▸ Input data
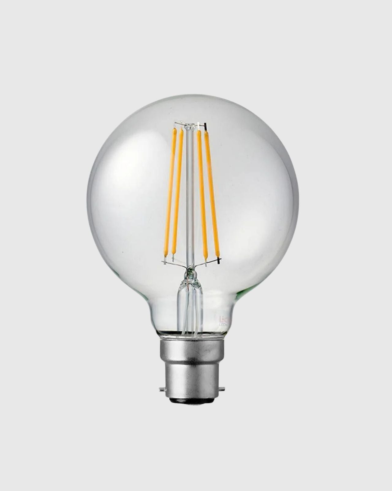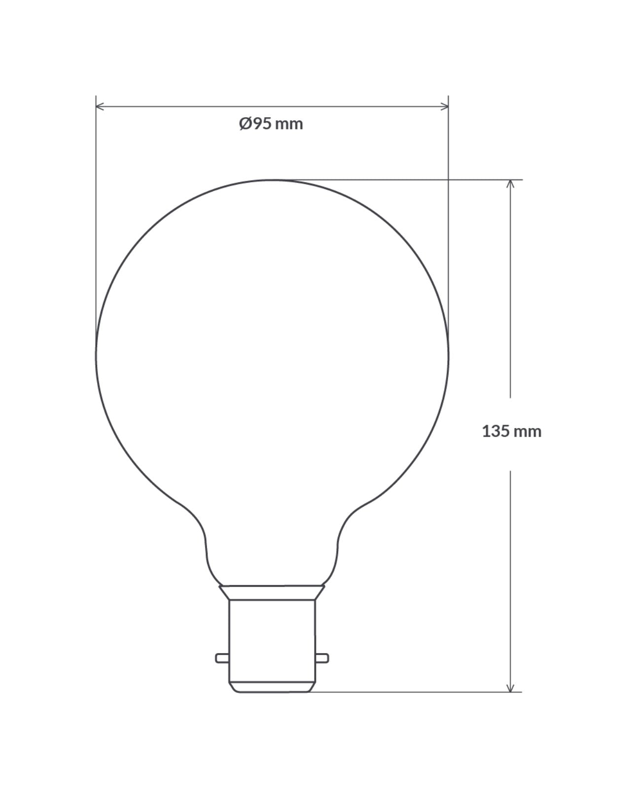 The 8 Watt Dimmable G95 2700K LED Filament Light Globe (B22/Bayonet Cap Configuration) is an elegant lighting device specifically designed to bear a strong resemblance to the ordinary incandescent light bulb.. As with all LED lighting products under our Classic Collection, the G95 features unique multiple filaments of LEDs; these have been strategically placed to ensure a wide beam spread.
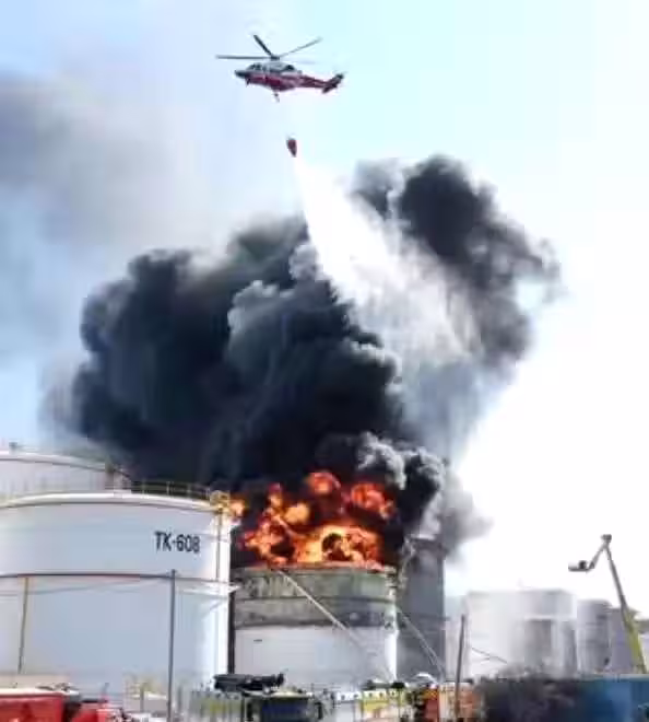 由於事故地點周邊還有4到5座相似的儲油槽,消防人員當務之急就是避免火勢擴散,造成連環爆炸的風險。
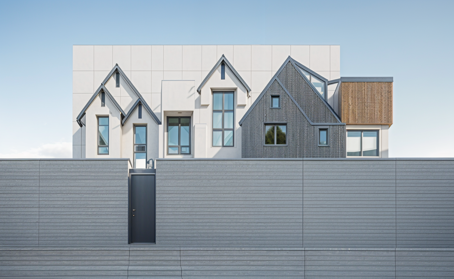 modern exterior shot white house with grey accents add lush green grass in the front with a sidewalk and driveway from single car garage architecture

▸ Work instruction
Where the line containing "由於事故地點周邊還有4到5座" appears in the data above, begin there and output every line through the last, exactly and without pictures.

▸ Answer box
 由於事故地點周邊還有4到5座相似的儲油槽,消防人員當務之急就是避免火勢擴散,造成連環爆炸的風險。
 modern exterior shot white house with grey accents add lush green grass in the front with a sidewalk and driveway from single car garage architecture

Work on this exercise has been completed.